Dirt Bike Jumping - What and What Not To Do



Dirt bike jumping can be one of the most amazing feelings in the world - or it can be one of the scariest things you've ever experienced. Most of us know what it's like to hit a jump and go into a nose dive, pull an air-wheelie or even worse, miss the down ramp! It's definitely a gut wrenching feeling and often has bone breaking consequences.

Next time you're out hitting motocross jumps, step-ups or natural hill sides - think about these tips...

How To Jump A Dirt Bike:

Most often it's best to be in the central standing position. When approaching the jump it's important to choose a good line and the correct gear. You don't want to hit it at an odd angle which could kick the rear out or send you off to the side. And you want to use an even throttle, or slightly accelerating as you leave the up-ramp. As you become better you can back off the throttle just as you leave the up-ramp which will help direct the front of the bike down for the landing over steeper jumps.

If you accelerate too much it can send you into an air-wheelie styled jump. If this happens, lean as far forward as you can, pull the clutch in and tap the rear brake to try pull the front of the bike down. Of course, if you're upside down already this won't work ;-).



If you back off the throttle too much when hitting the up-ramp, this will send you into a nose dive. This one's scarier than the air-wheelie. To lift the front back up, you want to get the rear wheel spinning as fast as you can by accelerating in the air. These techniques do work, but only to a certain extent.

When landing, use your legs to help absorb the impact and remember to keep your elbows out and your wrists straight. This helps spread the pressure evenly through your arms, chest and shoulders, so you don't damage your wrists.

Always accelerate just before landing. This not only makes you faster on the track, but directs the bike in a straight line (esp. important in rutted/uneven terrain).



Dirt Bike Jumping: Extra Tips

  • If you cross it up (when the bike goes sideways in the air), try not to panic. Keep your body in line with the front suspension and accelerate before landing. You'll be surprised at what you can pull out of by doing this.

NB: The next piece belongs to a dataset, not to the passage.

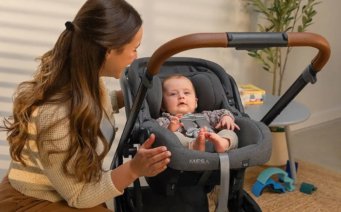 Košara in otroški avtosedež Mesa® se enostavno pritrdita na voziček Cruz V3. To omogoča hiter in enostaven prehod iz vožnje v sprehod z enim samim pritiskom na gumb, ob tem pa zagotavlja udobje in varnost.

  • If you come up short (or case out), stay on the bike. Rev the bike hard before landing to tighten up the chain and stiffen the suspension. Use the bikes suspension to absorb the brunt of the impact - your legs can only take so much before they snap!
  • Most importantly... Check the jump and landing first! Ride next to it if you can or better yet, watch someone else jump it to get an idea of speed, entry line etc.
  • Remember if you're jumping the ridge of a hill, make sure you know there's no one else coming from the other side. Two experienced riders here in N.Z died when they hit each other on their home track doing just this. Tragic.